Вдруг сыщик притих. Ему показалось, что кто-то ковыряет ключом в замке.
Так и есть! Дверь открылась. Петя собрался было закричать Маше, чтобы та быстрее вытащила его, но тут из передней послышался мужской голос:
– Ни на какую картину больше не пойду, пока не услышу отзывы о ней от нескольких знакомых.
– Ну хорошо, Михаил! – сказал женский голос. – Мы, кажется, ушли с картины. Чего же ты еще ворчишь?
– С картины ушли, а часа полтора все-таки потеряно. Тещенька, у вас не найдется что-нибудь поесть?
Тут Петя узнал голос Машиной бабушки, Ксении Ивановны:
– Найдется. Ничего, Вера! Сейчас накормим его – он и перестанет ворчать.
Как я уже сказал, Петя был человеком застенчивым. Услышав голоса взрослых, он пришел в ужас, что его могут обнаружить в чужой квартире, да еще в шкафу под мойкой. Он и не думал теперь просить о помощи; он только припал глазами к щели.

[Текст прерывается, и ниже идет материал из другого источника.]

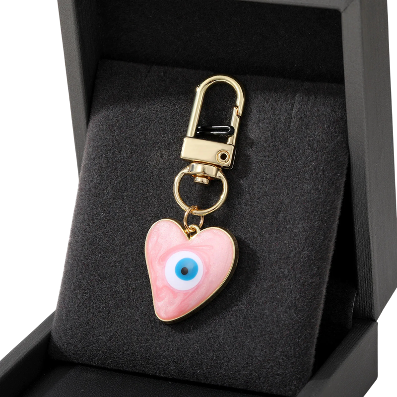 Péndulo para llaves 2,5 x 3 cm Aleación de zinc Ojo Maligno corazón Amuleto protector para llaves bolso mochila decoración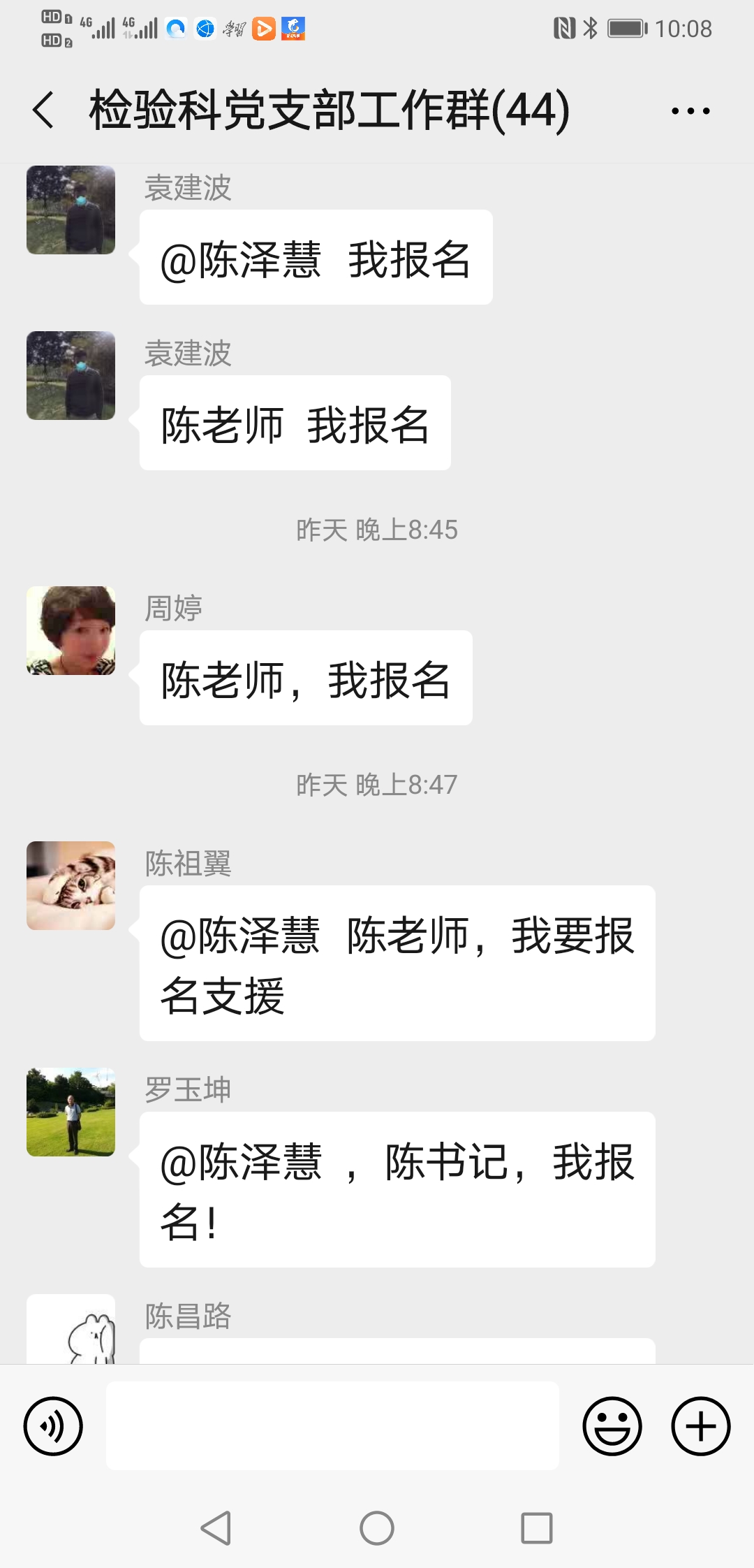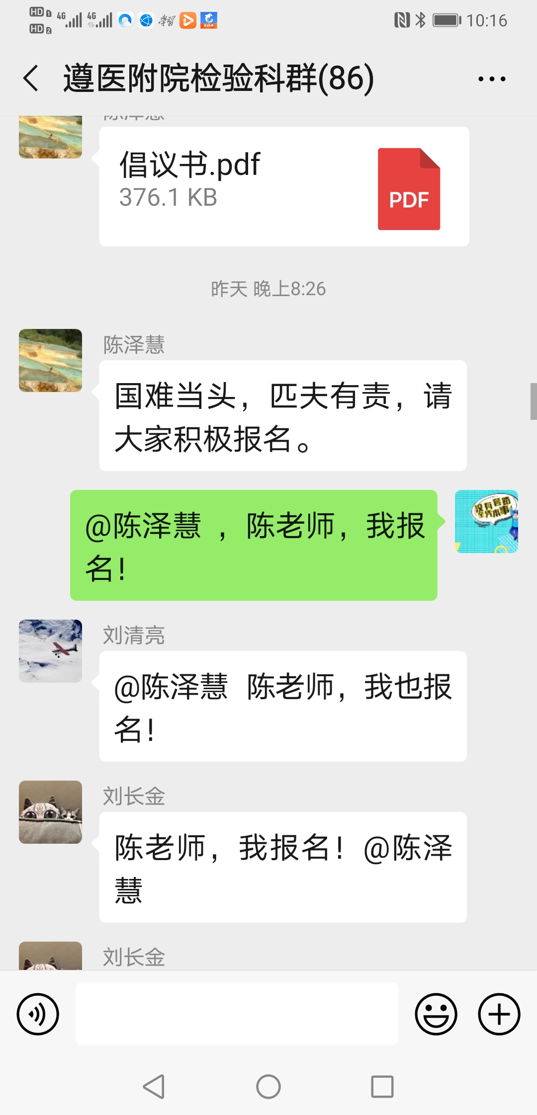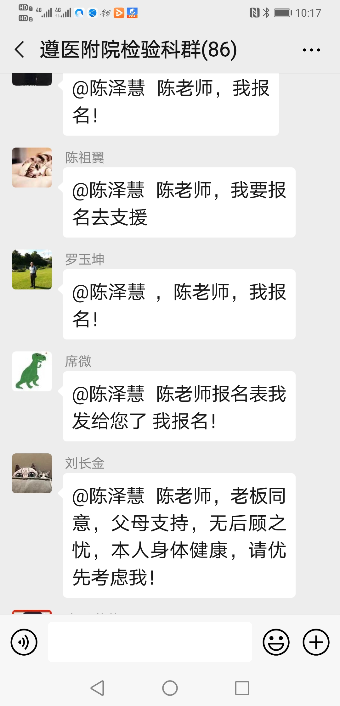 ……@陈泽慧 陈老师 我家还有兄弟姐妹照顾,我现在也没成家,也没娃娃,也没有后顾之忧,也是男生,且身强力壮,轮转过发光、生化和整个临检,况且临床大部分内科我都轮转学习过;也是新党员,国家有难,匹夫有责,希望领导们考虑我去吧!

В кухню вошла бабушка. Вошла и остановилась как вкопанная. Вертя пуговицу на вязаном жакете, часто помаргивая, она смотрела на залитый водою пол, на пылесос, стоящий на табурете, на таз с грязной водой...
– Миша! Вера! Идите сюда! – наконец крикнула она. – Да идите сюда скорее, говорю!
В дверях появилась крупная блондинка со скуластым русским лицом. Увидев, что творится в кухне, она сцепила пальцы рук перед грудью.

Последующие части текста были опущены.